Signed-off-by: Evgeniy Polyakov <johnpol@2ka.mipt.ru>

diff --git a/Documentation/dst/algorithms.txt b/Documentation/dst/algorithms.txt
new file mode 100644
index 0000000..bfc6984
--- /dev/null
+++ b/Documentation/dst/algorithms.txt
@@ -0,0 +1,115 @@
+Each storage by itself is just a set of contiguous logical blocks, with
+allowed number of operations. Nodes, each of which has own start and size,
+are placed into storage by appropriate algorithm, which remaps
+logical sector number into real node's sector. One can create
+own algorithms, since DST has pluggable interface for that.
+Currently mirrored and linear algorithms are supported.
+
+Let's briefly describe how they work.
+
+Linear algorithm.
+Simple approach of concatenating storages into single device with
+increased size is used in this algorithm. Essentially new device
+has size equal to sum of sizes of underlying nodes and nodes are
+placed one after another.
+
+ /----- Node 1 ---\ /------ Node 3 ----\
+start end start end
+ |==================|========================|==================|
+ | start end |
+ | \------- Node 2 ---------/ ...

To: Evgeniy Polyakov <johnpol@...>
Cc: <netdev@...>, <linux-kernel@...>, <linux-fsdevel@...>
Date: Friday, September 14, 2007 - 3:07 pm

My thoughts. But first a disclaimer: Perhaps you will recall me as
one of the people who really reads all your patches, and examines your
code and proposals closely. So, with that in mind...

I question the value of distributed block services (DBS), whether its
your version or the others out there. DBS are not very useful, because
it still relies on a useful filesystem sitting on top of the DBS. It
devolves into one of two cases: (1) multi-path much like today's SCSI,
with distributed filesystem arbitrarion to ensure coherency, or (2) the
filesystem running on top of the DBS is on a single host, and thus, a
single point of failure (SPOF).

It is quite logical to extend the concepts of RAID across the network,
but ultimately you are still bound by the inflexibility and simplicity
of the block device.

In contrast, a distributed filesystem offers far more scalability,
eliminates single points of failure, and offers more room for
optimization and redundancy across the cluster.
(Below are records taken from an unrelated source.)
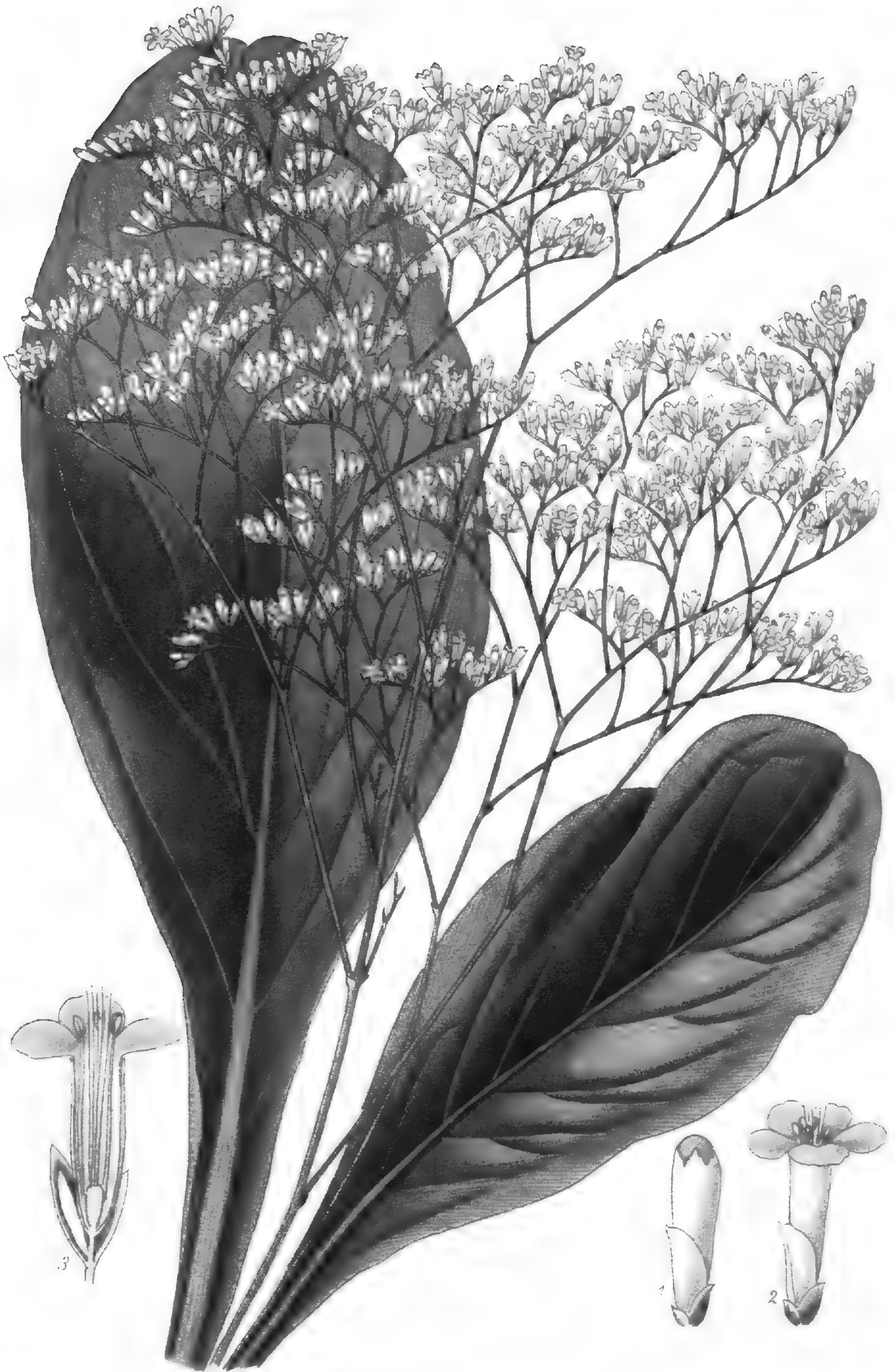
SEA LAVENDER ( STATICE LATIFOLIA )
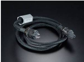
Power Connectors: FI-25M(R)
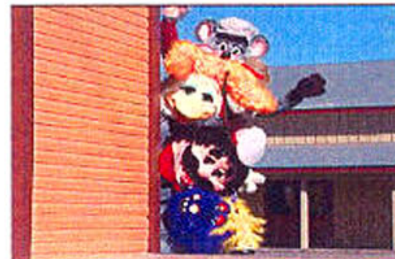
Huh, That's a deal!
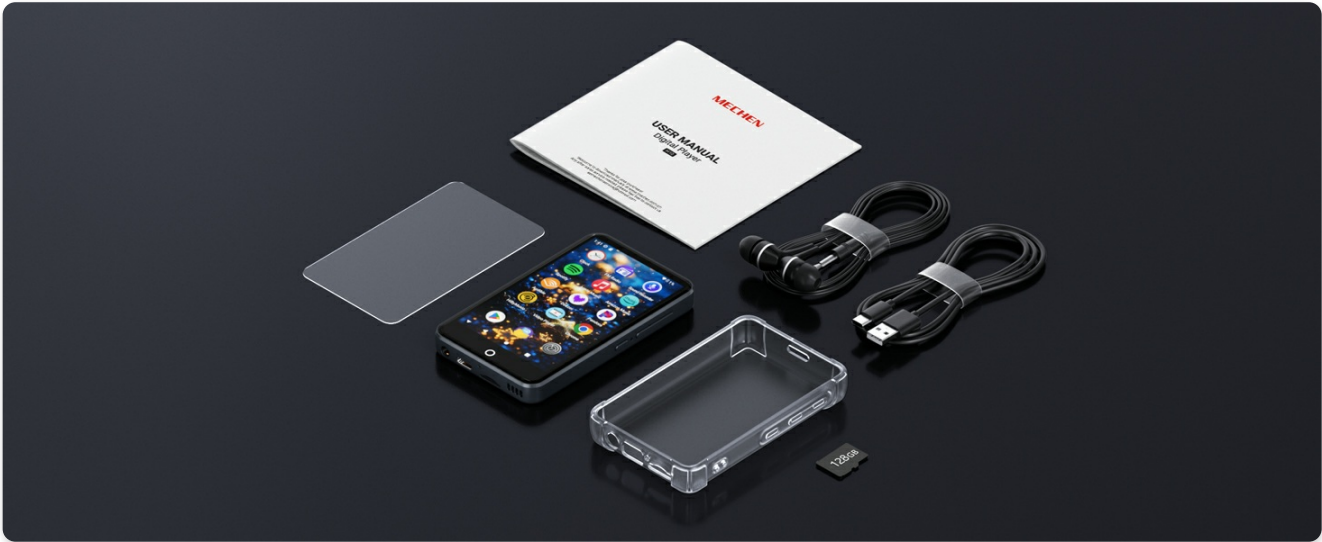
An overhead view of all included accessories: the MECHEN H10 player, USB-C cable, earphones, protective film, protective case, user manual, and a 128GB TF card.
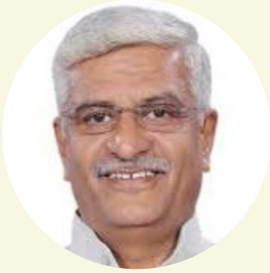
Gajendra S. Shekhawat Cabinet Minister, Jal Shakti
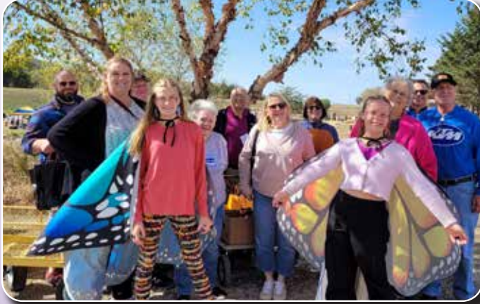
FCSLA members gather to receive treat bags before selecting their pumpkins.

On Sunday, October 8th, FCSLA Branch W137, Cedar Rapids, Iowa held its annual Family Fall Festival at Bass Farm, Mount Vernon. Members enjoyed the farm's activities, including a corn maze, hayrack ride, mini golf, giant slide and many others. Everyone took home pumpkins from the pumpkin patch and a treat bag.
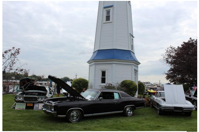
The Buffalo Launch Club on Grand Island is just a beautiful setting for a car show.
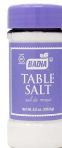
TABLE SALT - 80144 8/5.5 OZ
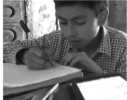
Epiphany's presence in a wounded world

The Service & Outreach Team invites you to the Church at 5:30 PM for a short video program followed by the beautiful Evensong service. Then join us in the Great Hall for a festive reception. No need to register or RSVP.
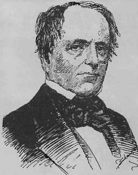
LEMUEL SHATTUCK, IN HIS LATER YEARS

The method, named after John Lancaster who founded the system about 1800 in England, "was popular in this country because it was a quick and inexpensive way to train
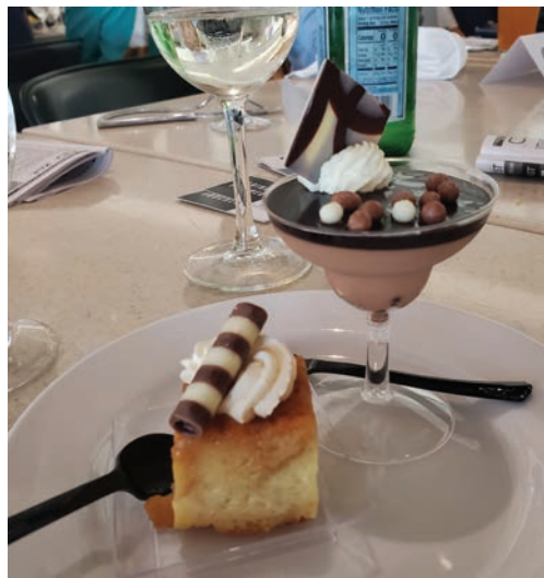
Desserts from the Buffet
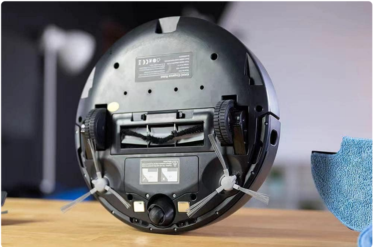
Image 4.2: The bottom of the robot, displaying the main brush, side brushes, and wheels.

The underside includes the main brush, side brushes, driving wheels, and cliff sensors.
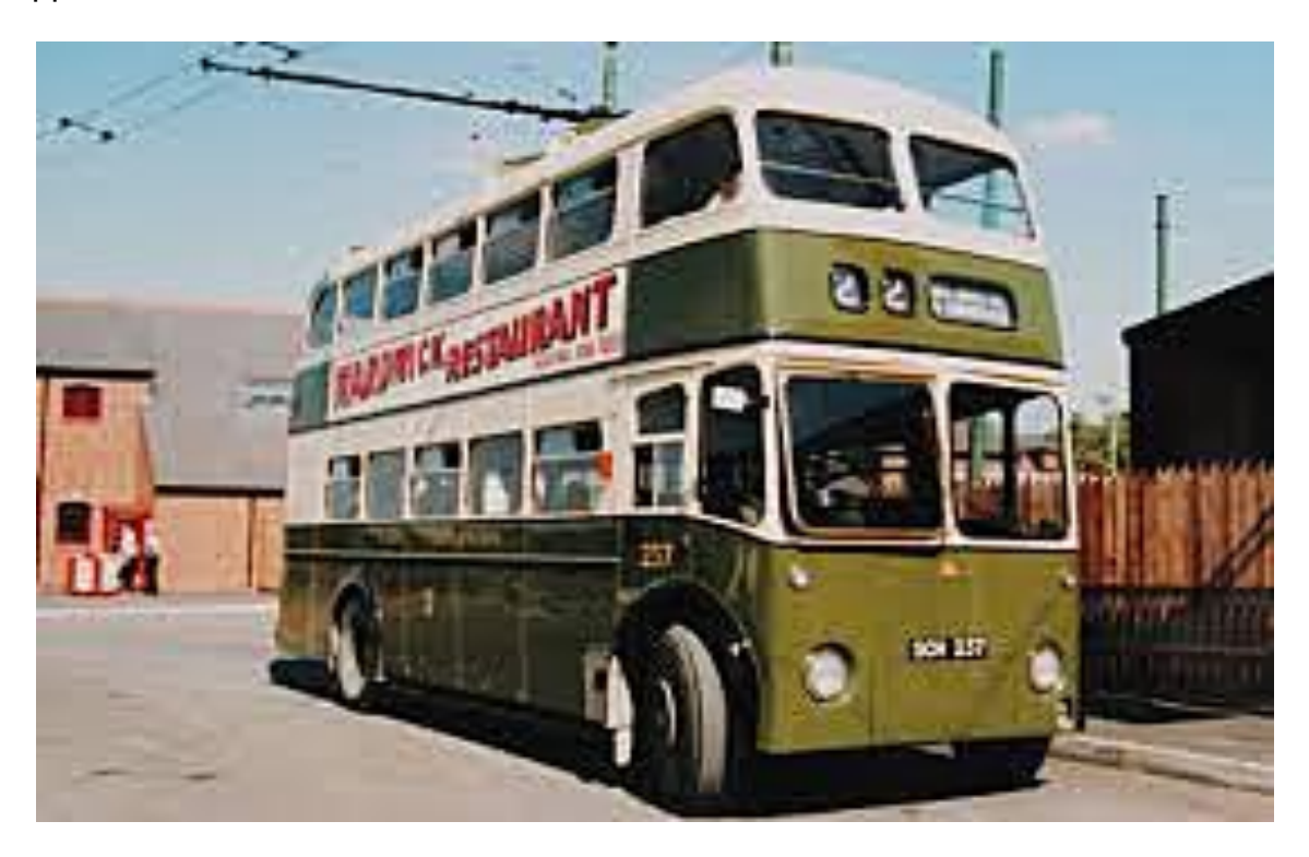
A Derby trolleybus

I went to the main town depot for interview, passed, and spent a bewildering morning training; bewildering because the training embraced both fares collection procedures and, because I had been allocated to trolleybuses, duties specific to these. This came as a surprise as I had expected to work on the usually quieter motor bus routes. There was nothing about safety, neither mine nor passengers' – not unusual in those days, I suppose.

A distributed filesystem is also much more complex, which is why
distributed block devices are so appealing :)

With a redundant, distributed filesystem, you simply do not need any
complexity at all at the block device level. You don't even need RAID.

It is my hope that you will put your skills towards a distributed
filesystem :) Of the current solutions, GFS (currently in kernel)
scales poorly, and NFS v4.1 is amazingly bloated and overly complex.

I've been waiting for years for a smart person to come along and write a
POSIX-only distributed filesystem.

Jeff

-

To: Jeff Garzik <jeff@...>
Cc: Evgeniy Polyakov <johnpol@...>, <netdev@...>, <linux-kernel@...>, <linux-fsdevel@...>
Date: Saturday, September 15, 2007 - 9:56 am

it's called Lustre.
works well, scales well, is widely used, is GPL.
sadly it's not in mainline.

cheers,
robin
-

To: Robin Humble <rjh@...>
Cc: Evgeniy Polyakov <johnpol@...>, <netdev@...>, <linux-kernel@...>, <linux-fsdevel@...>
Date: Saturday, September 15, 2007 - 10:35 am

Lustre is tilted far too much towards high-priced storage, and needs
improvement before it could be considered for mainline.

Jeff

-

To: Jeff Garzik <jeff@...>
Cc: Evgeniy Polyakov <johnpol@...>, <netdev@...>, <linux-kernel@...>, <linux-fsdevel@...>
Date: Saturday, September 15, 2007 - 12:20 pm

many (most?) Lustre deployments are with SATA and md raid5 and GigE -
can't get much cheaper than that.

if you want storage node failover capabilities (which larger sites often
do) or want to saturate an IB link then the price of the storage goes
up but this is a consequence of wanting more reliability or performance,
not anything to do with lustre.

interestingly, one of the ways to provide dual-attached storage behind
a failover pair of lustre servers (apart from buying SAS) would be via
a networked-raid-1 device like Evgeniy's, so I don't see distributed
block devices and distributed filesystems as being mutually exclusive.

quite likely.
from what I understand (hopefully I am mistaken) they consider a merge
task to be too daunting as the number of kernel subsystems that any
scalable distributed filesystem touches is necessarily large.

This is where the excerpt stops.